Pensions with Strings Attached
The local authorities in Turkmenabat have found an unusual way to show that the private sector is booming: they are forcing pensioners to sign up as small businessmen and making them pay for a license to operate.
Pensions with Strings Attached
The local authorities in Turkmenabat have found an unusual way to show that the private sector is booming: they are forcing pensioners to sign up as small businessmen and making them pay for a license to operate.
The city’s welfare service and the tax office appear to have reached an agreement that will help swell the official statistics for private-sector business development. If an applicant for a pension does not possess a voluntary pension insurance document, officials refuse to sign them up, even though this is in contravention of pension legislation from February 2006.

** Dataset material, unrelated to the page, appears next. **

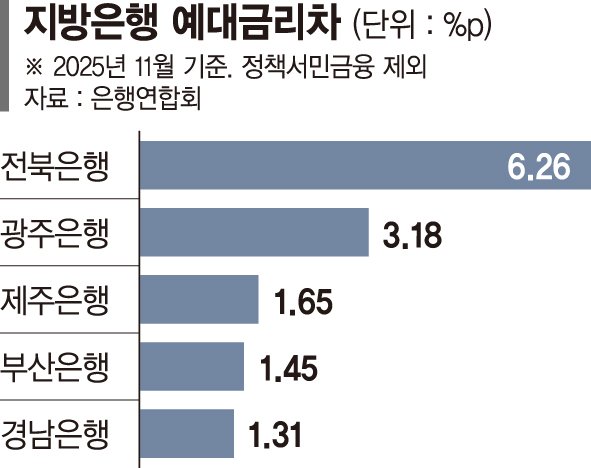 지방은행 내에서도 은행별 예대금리차 편차가 크다. 지난달 기준 전북은행이 6.26%p로 가장 컸고, 광주은행(3.18%p), 제주은행(1.65%p), 부산은행(1.45%p), 경남은행(1.31%p) 순으로 나타났다. 부산·경남은행은 지난 1년간 평균 1.67%p, 1.92%p로 시중은행과 비슷한 수준을 유지했다. 광주은행과 제주은행은 1년간 각 사 평균 2.57%p, 2.93%p로 집계됐다.

If the applicant shows up at the welfare office without this document, they are sent off to the taxation service, where they are made to sign a contract stating that they wish to be a private entrepreneur and then pay for a business license costing 180,000 manats, about nine US dollars at the commercial rate. The contract is usually valid only for a few months. Then they are allowed to draw up a voluntary pension insurance contract, for which they need to pay another fee. Only after that can they go back to the welfare office to register and receive their pension.
The welfare and tax service are clearly in cahoots in this scheme.
Government agencies use other methods to make it harder to obtain pensions, or reduce the size of payments. Under the new pension law, citizens whose total length of service prior to 1998 is less than 25 years for men and 20 years for women are not eligible for any pension.
Since 2006, a pension application needs to show evidence of 10 years’ paid employment at the same company. The requirement used to be for five years’ service, and before that two years. Given current levels of unemployment, very few people have this kind of work record.
All these infringements of pensioners’ rights are taking place to serve the bureaucratic machine. Local observers say these measures are designed to please central government and the president, who are keen to see rosy statistics and budget savings.